→ Directions
For this exercise, output exactly and only the lines running from the one with "党委副书记姚瑶、团委书记毛成" through the final line of the data below, without pictures.

Segment Start: Listed records

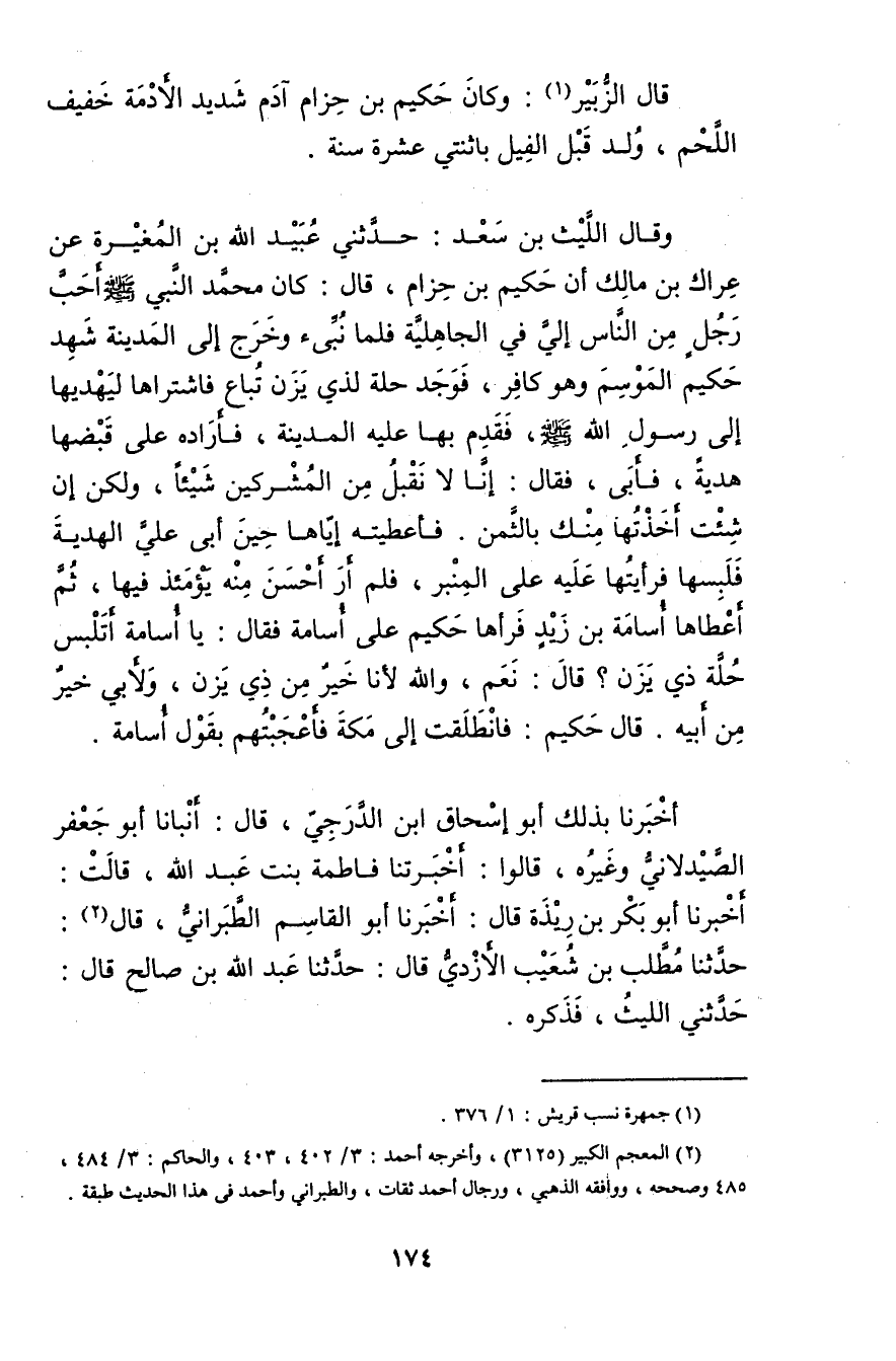 رَجُلٍ مِنَ النَّاسِ إِلَيَّ فِي الْجَاهِلِيَّةِ فَلَمَّا نُبِّئَ وخَرَجَ إِلَى الْمَدِينَةِ شَهِدَ حَكِيمٌ الْمَوْسِمَ وهُوَ كَافِرٌ، فَوَجَدَ حُلَّةً لِذِي يَزَنَ تُبَاعُ فَاشْتَرَاهَا لِيُهْدِيَهَا إِلَى رَسُولِ اللَّهِ صَلَّى اللَّهُ عَلَيْهِ وسَلَّمَ، فَقَدِمَ بِهَا عَلَيْهِ الْمَدِينَةَ، فَأَرَادَهُ عَلَى قَبْضِهَا هَدِيَّةً، فَأَبَى، فَقَالَ: إِنَّا لا نَقْبَلُ مِنَ الْمُشْرِكِينَ شَيْئًا، ولَكِنْ إِنْ شِئْتَ أَخَذْتُهَا مِنْكَ بِالثَّمَنِ. فَأَعْطَيْتُهُ إِيَّاهَا حِينَ أَبَى عَلَيَّ الْهَدِيَّةَ فَلَبِسَهَا فَرَأَيْتُهَا عَلَيْهِ عَلَى الْمِنْبَرِ، فَلَمْ أَرَ أَحْسَنَ مِنْهُ يؤمئذ فِيهَا، ثُمَّ أَعْطَاهَا أُسَامَةَ بْنَ زَيْدٍ فَرَآهَا حَكِيمٌ عَلَى أُسَامَةَ فَقَالَ: يَا أُسَامَةُ أَتَلْبَسُ حُلَّةَ ذِي يَزَنَ؟ قال: نَعَمْ، واللَّهِ لأَنَا خَيْرٌ مِنْ ذِي يَزَنَ، ولأَبِي خَيْرٌ مِنْ أَبِيهِ. قال حَكِيمٌ: فَانْطَلَقْتُ إِلَى مَكَّةَ فَأَعْجَبْتُهُمْ بِقَوْلِ أُسَامَةَ.
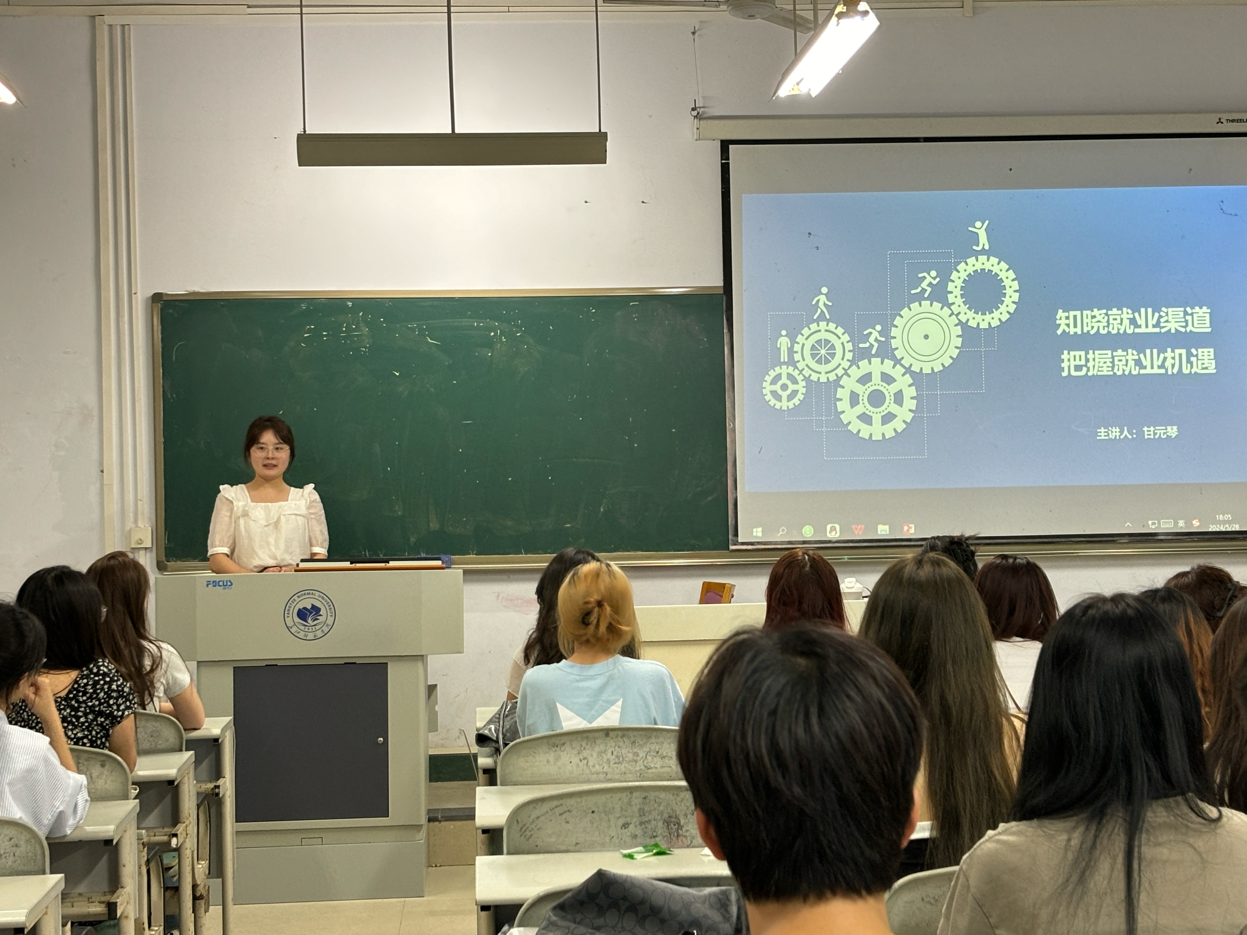5月26日,针对大三学生,海角论坛 2021级辅导员甘元琴老师举办了一场以“知晓就业渠道,把握就业机会”为主题的班会,旨在帮助学生们了解多样的就业途径,掌握就业技巧。
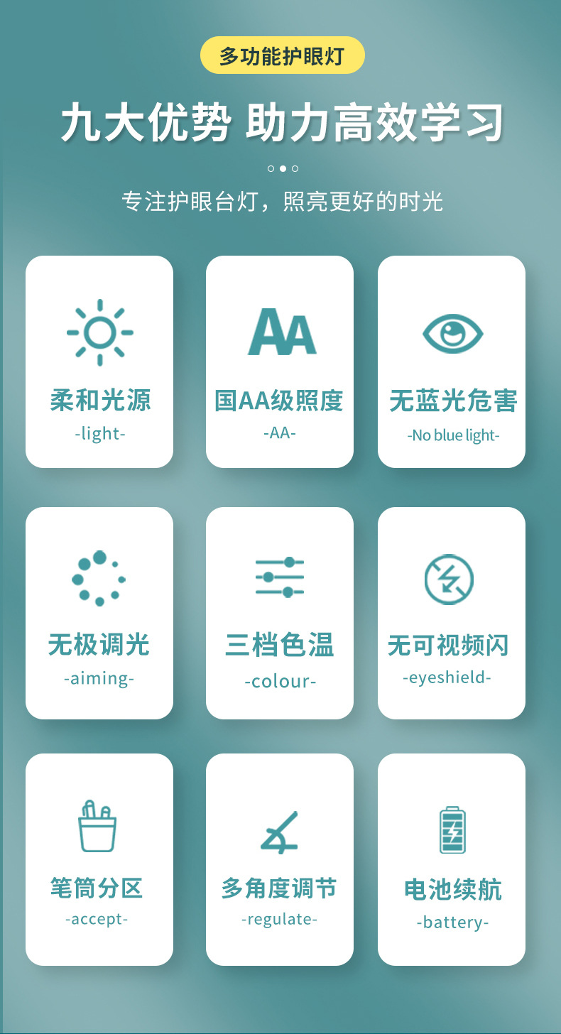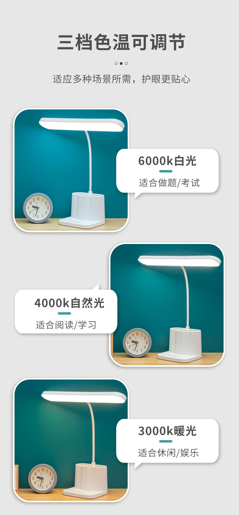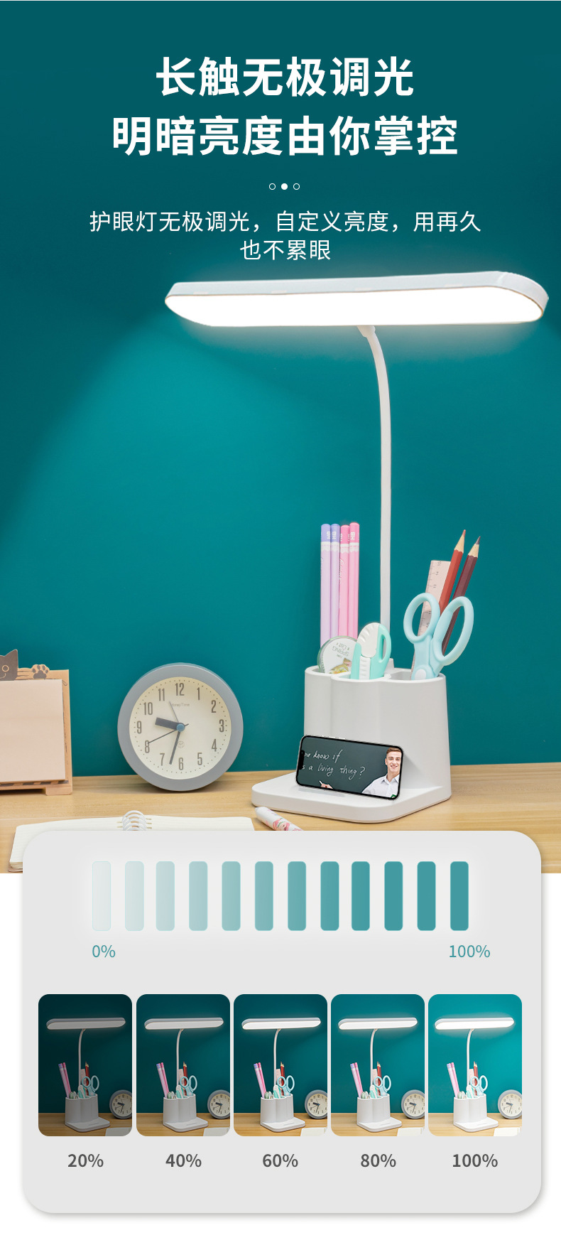 笔筒台灯护眼学习专用大学生宿舍书桌充电式插电阅读作业立式台灯
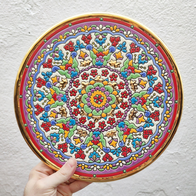 Certificamos que esta pieza pintada en cuerda seca está realizada a mano y acabada en oro de 24Kl.
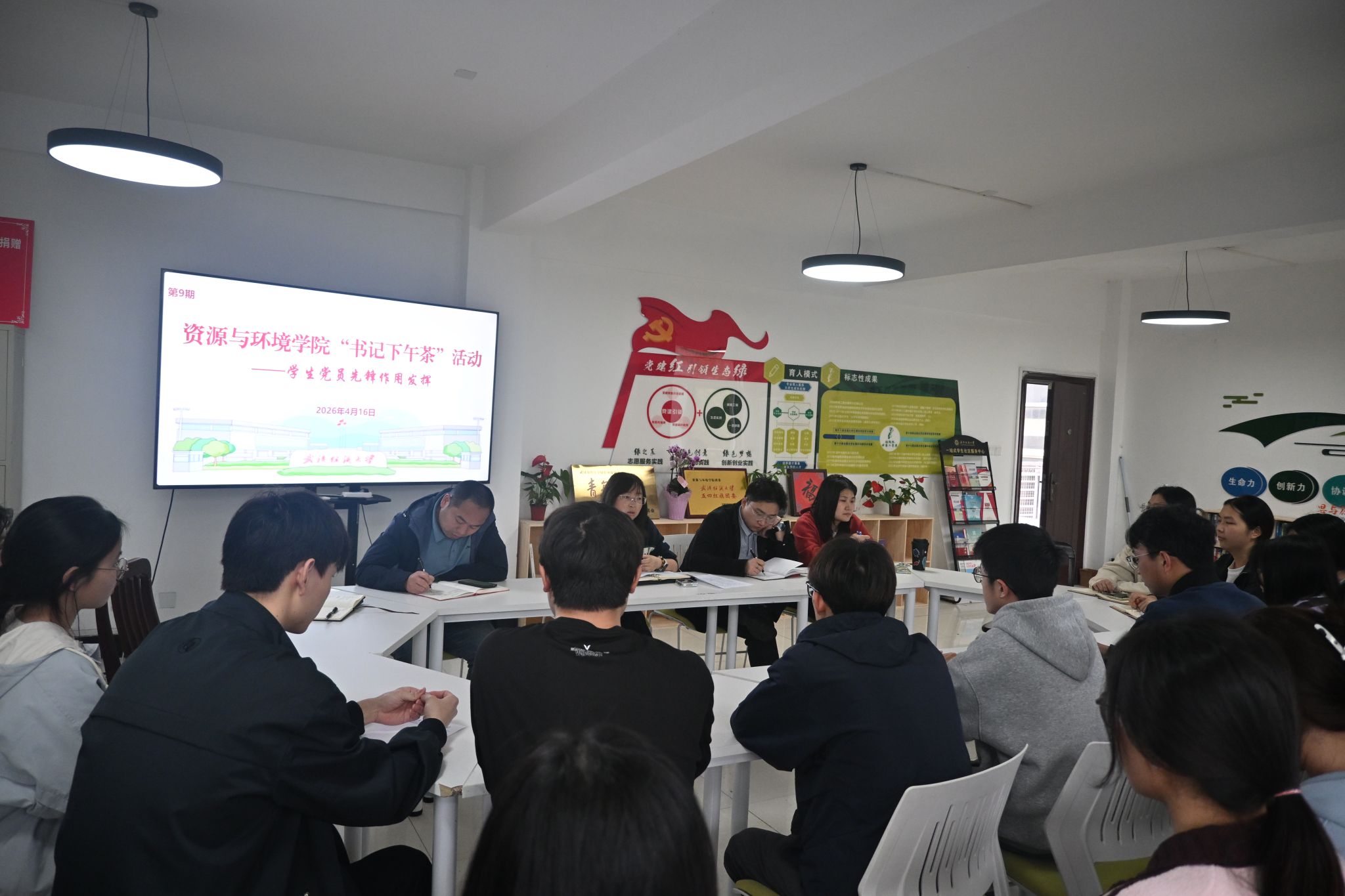 党委副书记姚瑶、团委书记毛成兴、学生党支部书记与各支部党员代表齐聚一堂,结合树立和践行正确的政绩观学习教育,面对面交流研讨,共商学生党支部建设与党员先锋作用发挥路径。
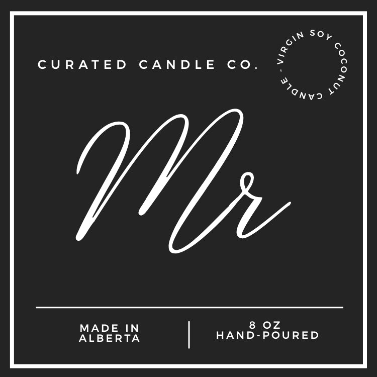 This candle label radiates sophistication and masculinity, capturing the essence of the modern groom with its refined scent and sleek aesthetic.

Segment End: Listed records

→ Response to this task
 党委副书记姚瑶、团委书记毛成兴、学生党支部书记与各支部党员代表齐聚一堂,结合树立和践行正确的政绩观学习教育,面对面交流研讨,共商学生党支部建设与党员先锋作用发挥路径。
 This candle label radiates sophistication and masculinity, capturing the essence of the modern groom with its refined scent and sleek aesthetic.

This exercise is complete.